The file generated at lib/index.js should be run in a browser. If you served it to a browser as pulsar.js, put this in the html.

<script src="pulsar.js"></script>

p5 will insert a canvas tag on the page, start receiving pulses from the server and draw its detections.

Make your own drawings

Making your own drawings is a bit like making a p5.js/Processing sketch. There is a setup function (called when the drawing is activated initially), and a draw function (called every frame). Additionally, PULSAR drawings expose another function that indicate whether or not they have finished drawing, allowing the whole drawing to be garbage collected.

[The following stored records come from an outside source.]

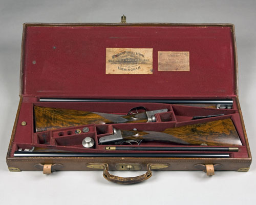 28in. nitro chopperlump barrels (No.2 nitro reproved), the ribs inscribed 'WILLIAM POWELL & SON. 35, CARR'S LANE. BIRMINGHAM.', scroll engraved and gold-inlaid '1' and '2' at the breech-ends, 2 1/2in. chambers, bored approx. imp. cyl. and 1/2 choke, treble-grip actions, automatic safeties with gold-inlaid 'SAFE' details, fine bouquet and scroll engraving, brushed bright and reblued finish, 14 1/2in. figured stocks with chequered side panels (pinned at head), weight 6lb. 4oz. (No.1) 6lb. 3oz. (No.2), in their makers brass-cornered leather case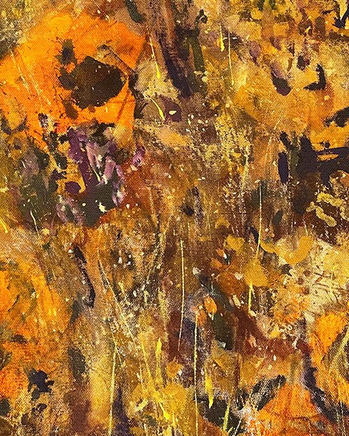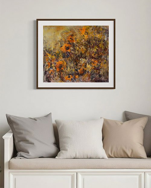 Pintura figurativa de paisaje florido arropado por los tonos cálidos del final de la tarde.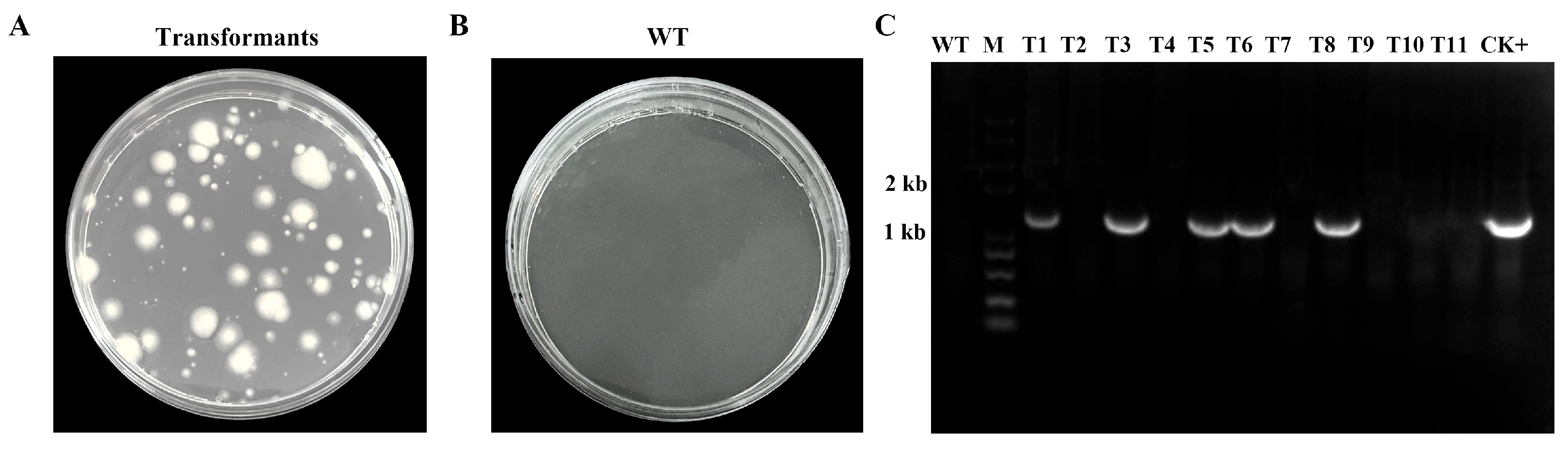 2.6. The PEG-Mediated Transformation of O. xuefengensis Protoplast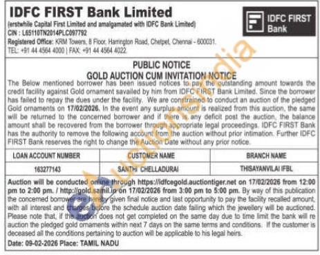 IDFC First Bank Ltd Gold Auctions Auction in Chennai

To make your own drawings, you need to build an object with prototype like this:

// This prototype must be saved at src/pulses/name-of-drawing.js
var Drawing = function (p5, pulse, config) {
  this.pulse = pulse;
  // The pulse object contains information to customise the drawing.
  // You should mere it with some defaults
  // This drawing will only be used if pulse.name === name-of-drawing
  // Do your setup stuff here. For example, set up a frame counter to
  // track how many frames this has been run for.
  this.framesLeft = 50;
};
Drawing.prototype.draw = function (p5) {
  // This function is called every frame.
  // Do all your frame by frame drawing using the p5 object here.
  // If you wanted to draw a rectangle in the middle of the screen
  // you would do the following:
  p5.rect(p5.windowWidth/2, p5.windowHeight/2, 50, 50);
  this.framesLeft--;
};
Drawing.prototype.done = function () {
  // Return true if this drawing is finished. It will then be cleaned up by
  // the drawing manager. Otherwise return false if you want to keep drawing frames
  if (this.framesLeft <= 0) {
    return true;
  } else {
    return false;
  }
}
module.exports = Drawing;

If you want your drawing to be updatable, add an update function. Usually you would merge the original pulse object that created the drawing with the update pulse. PULSAR provides a function on the p5 object to do this easily.

Drawing.prototype.update = function (p5, pulse, config) {
  p5.pulsar.merge(this.pulse, pulse);
}

Place your drawing in the src/pulses/ directory.

Then, to have the drawing activated on client machines, get lib/transmitter/key-processor.js to emit a pulsar io event when you press a key on the keyboard.

io.emit('pulse', {
  name: 'name-of-drawing',
  // Other configuration options here.